アルバムは、成熟したお洒落なソウルナンバー「Woo Sé Mama」で幕を開け、この時点で成功を確信できる。「Long Long Road」はウェラーの十八番のソウルバラードで、スタンリーロード期にタイムスリップしたようだが、歌声はバージョンアップされている。「She Moves With The Fayre」はロバート・ワイアットが歌とトランペットで参加し、これもサイケ風味がブレンダンの音作りを思い出させる。「One Tear」はボーイ・ジョージが参加。同窓会みたいな賑やかさがあるファンクナンバーだ。「The Cranes Are Back」は洗練されたゴスペル。かっこいい。

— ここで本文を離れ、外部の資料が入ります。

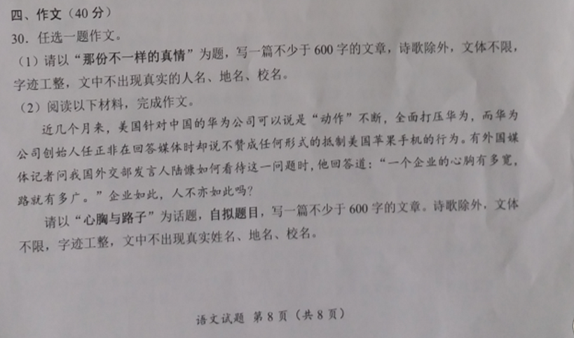 2019广安中考作文题目:那份不一样的真情/“心胸与路子”话题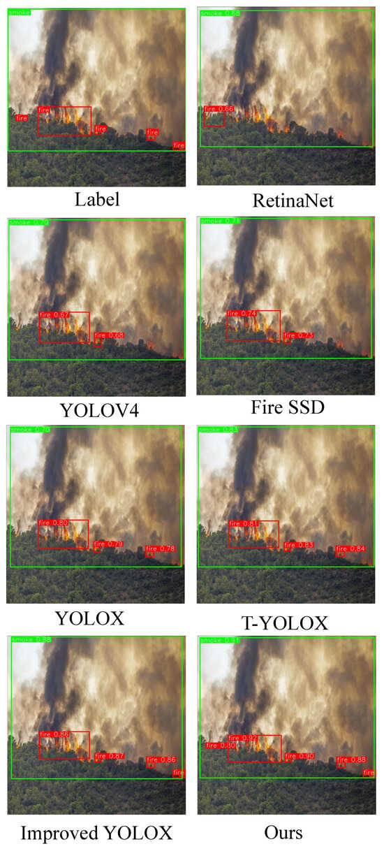 In the comparative experiment in this section, we evaluated the algorithm in this paper with current mainstream single-stage detectors (RetinaNet [27], YOLOv3ṽ5 [28,29], YOLOX, Efficient Det [30], CenterNet [31], etc.) and various models proposed by researchers for forest fire detection scenarios, as well as two Transformer-based models, namely DINO [32] and DETR [33]. The results are listed in Table 3.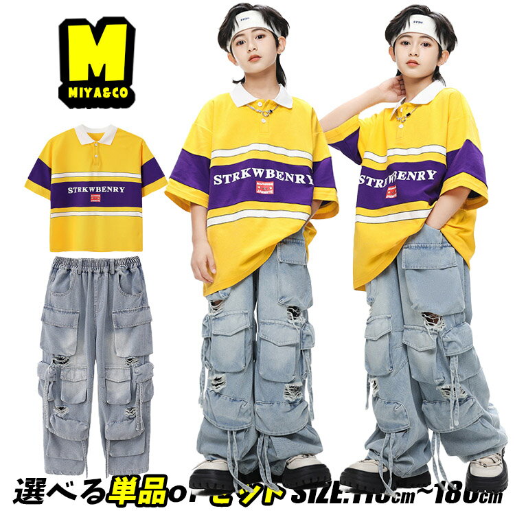 黄色系 ポロシャツ イエロー 半袖 ボーダー オーバーサイズ キッズダンス衣装 セットアップ ヒップホップ 男の子 女の子 デニム カーゴパンツ カーゴ デニムパンツ ダメージ加工 ダボパン かっこいい hiphop 韓国 k-pop 団体服 演出服 練習着 発表会 個性派 原宿系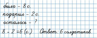 2) У Юры было 8 солдатиков. Он подарил другу 2 солдатика.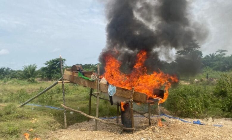 Two excavators found on site were immobilised, while a metallic gold washing platform, makeshift shelters, water pumps, hoses, and a locally fabricated mineral processing system were dismantled and destroyed.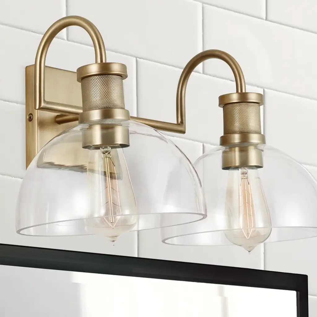 Vibes are created by the smooth domes and arched frame. The texture of the sockets gives this vanity a bit of character and industrial charm.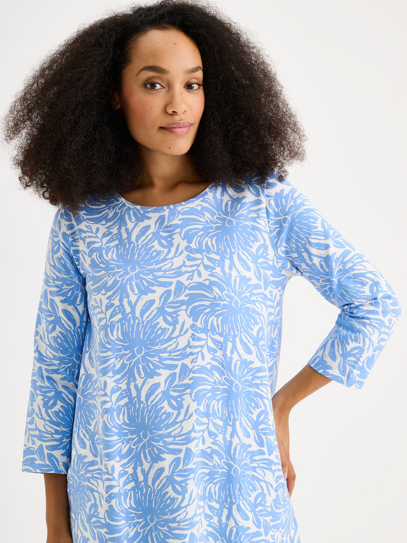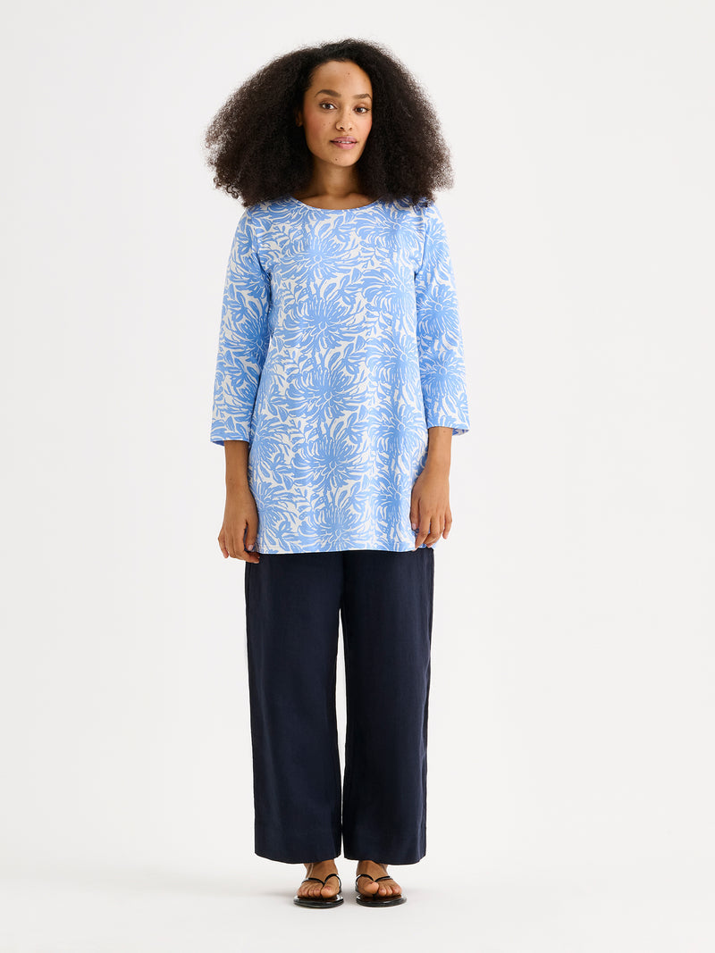 Kuosillinen Kaislat-tunika, jossa on harmoninen kaksisävyinen kuosi sekä klassinen malli. Yksinkertainen ja suosittu tunikamalli on mukavan arkipukeutumisen kulmakivi. Materiaali on miellyttävää ja joustavaa puuvilla-elastaani-neulosta.

ベストアルバムを挟んだこの作品。変化があった。00年代に入ってから出番が多かったサイモン・ダインではなく、「As Is Now」で組んだJan "Stan" KybertとAmorphous Androgynousがウェラーと共にプロデュース。作曲のパートナーも、サイモン・ダインからJan "Stan" Kybertに替わった。
景気の良いウェラー流王道ロックナンバー「White Sky」で幕を開け、軽快なリズムと広がりのあるメロディーが素晴らしい「Saturns Pattern」、お得意の所信表明的な名曲「Going My Way」、浮遊感のあるメロディも良いが音像も素晴らしい「I’m Where I Should Be」・・・良い曲ばかり。